There but for the is quite a mad book. In a good way. In that, the whole premise is a bit bonkers – a man going to a dinner party and then locking himself in their spare room for a few months. Another character, Mark, is haunted by his dead mother, who he can hear aggressively hassling him in rhyming couplets:
He couldn’t remember, but the writer, whoever he was I hate to be reminding you again / that writers are not fucking always men described Queen Elizabeth the First quite unforgettably …
(Yeah – boo sucks VS Naipaul.)
It’s funny. It’s mad. It’s playful. And this wayward style, the energy from it, the life, makes for incredible, highly-charged, exciting writing. What a feat.
Yet I think Alex Clark in the Guardian nailed it when she described There but for the as ‘seriously playful’. For underpinning all the word play and puns and silliness, are quite chilling reflections on society and character. ‘Reason in madness’ as Shakespeare put it.
The petty, sniping meanness of the middle classes comes into play at the vile dinner party, from which Miles retreats into the spare room. (The dinner party, incidentally, is hosted by Jen and Eric – generic – good one.) There is the loneliness of little Brooke, who is seen as being too clever for her own good.

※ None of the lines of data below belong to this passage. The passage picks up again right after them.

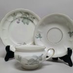 Delikatna, biała porcelana o dość prostych formach.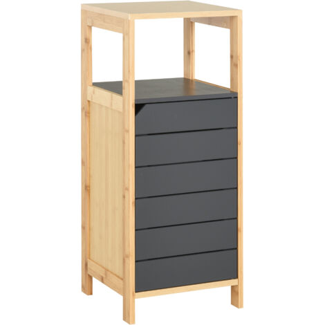 Kleankin Meuble Colonne De Salle De Bain Armoire Haute Meuble Rangement 3 Etageres 2 Tiroirs Bambou 30 X 30 X 144 3 Cm Noir Bois Naturel Aosom Fr Armoires De Rangement Aosom France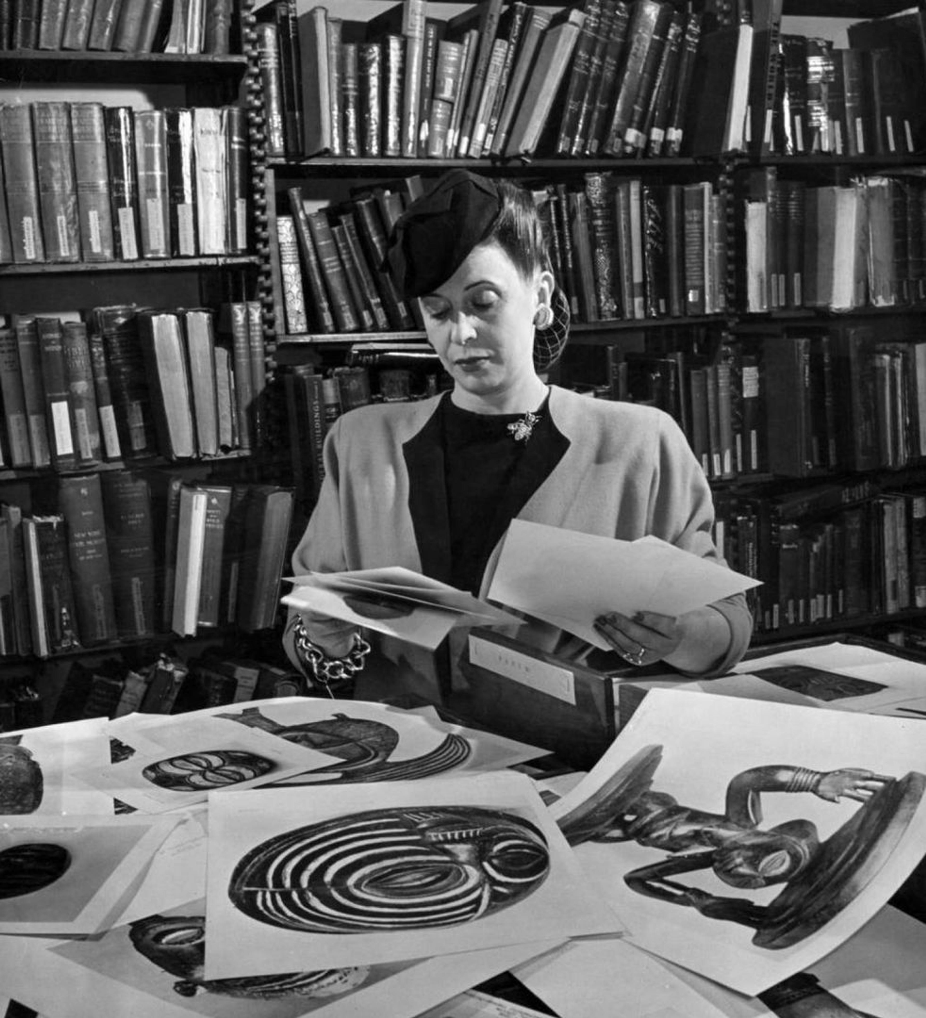 Lilly Daché doing research in the picture collection of the New York Public Library, April 1944. Photograph by Alfred Eisenstaedt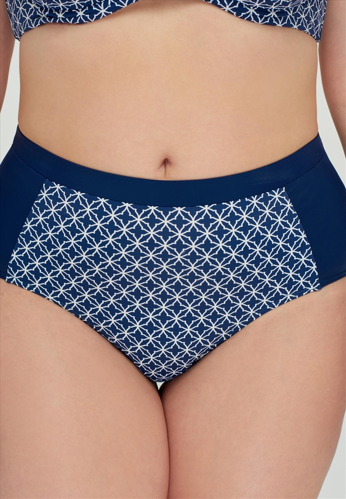 Брифы с завышенной линией талии на тонком поясе и симметричными фигурными вставками по бокам.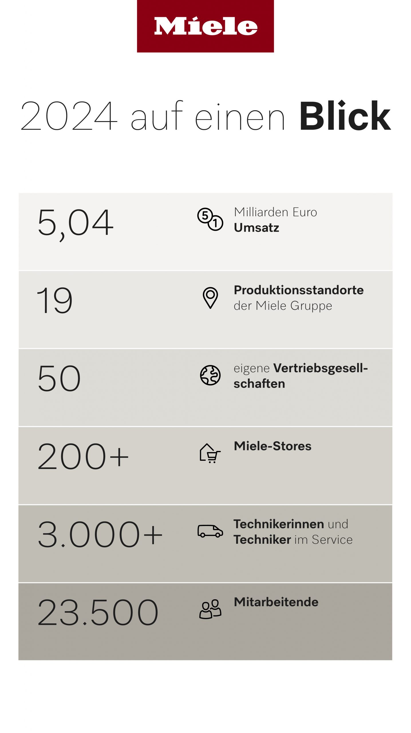 Auch wenn die Rahmenbedingungen durch die anhaltende Baukrise, Konsumzurückhaltung, intensiven Wettbewerb sowie geopolitische Entwicklungen herausfordernd bleiben, sieht Miele positive Anzeichen für das laufende Geschäftsjahr. Das ist kein Kaffeesatzlesen, sondern eine Einschätzung, die auf der Geschäftsentwicklung zum Jahresauftakt und dem Feedback des Handels zu Produktneuheiten fußt. Zinkann: „Wir setzen unseren strategischen Kurs unbeirrt fort, um unsere Ziele nachhaltig zu erreichen. Auf das Geschäftsjahr 2025 blicken wir zuversichtlich.“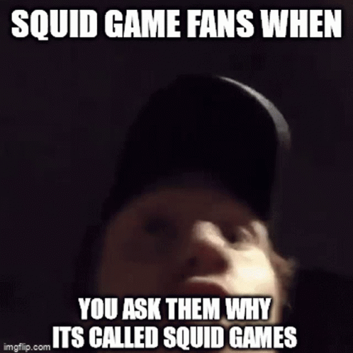 A meme showing Squid Game fans' reaction when asked why the show is called Squid Games.
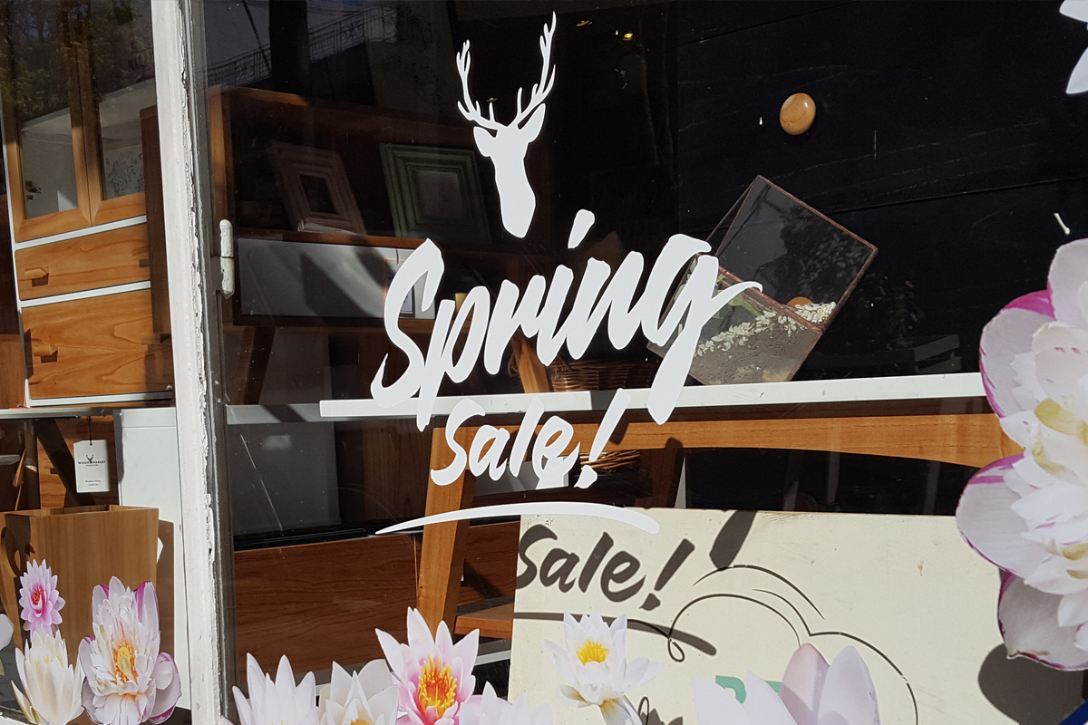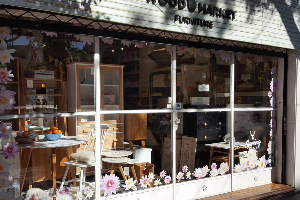 Decoramos la vidriera del local de Wood Market motivo primavera. Acompañando a la marca y la nueva estación.

And the quiet rebellion of old May Young, who is in a nursing home and refuses to take her medication:
She could prove for sure she was not dead yet because there, sweaty in the old claw of an old hand, whose old hand? her old hand, her own, go on open it, proof: the balled-up tissue which held what she’d managed to get out of her mouth of the stuff they gave her to make her forget to remember the day, the month, the prime minister, make her drop her bowl with the custard in it, stuff which she had not swallowed, would not swallow, which she’d held under her tongue when the nurse, Irish-Liverpool, always a cheery word, gave her, and if it wasn’t Irish-Liverpool it was Derek the male nurse, lovely boy from the Caribbean, with May nodding and sending them on their way with a friendly eye.
May’s spirit of defiance – ‘she had not swallowed, would not swallow’ – is all the more affecting due to her age, her ‘old claw of an old hand’, her difficulty in opening it, in getting the stuff out of her mouth. All this text, all these thoughts of May’s are hidden to the nurses, the outside world, masked behind her seemingly innocent ‘friendly eye’.
As well as, obviously, making me think of the fiancé, There but for the reminds me of Virginia Woolf’s The Waves, another masterpiece which revolves around an absent centre. Her absent centre is, rather more heroically, called ‘Percival’. He is the only character who isn’t given a voice, yet he is the one who holds the other characters together: ‘without Percival there is no solidity’, and:
We are drawn into this communion by some deep, some common emotion. Shall we call it, conveniently ‘love’? Shall we say ‘love of Percival’ because Percival is going to India?
Perhaps Miles is Ali Smith’s Percival. And perhaps There but for the is today’s The Waves. The Waves is a remarkable distillation of modernist writing, and There but for the is a similar achievement for our time. For There but for the seems to me to be everything a novel of today should aspire to be – intelligent and insightful, provocative and critical, yet also witty, playful and, above all, wonderfully, self-consciously wordy.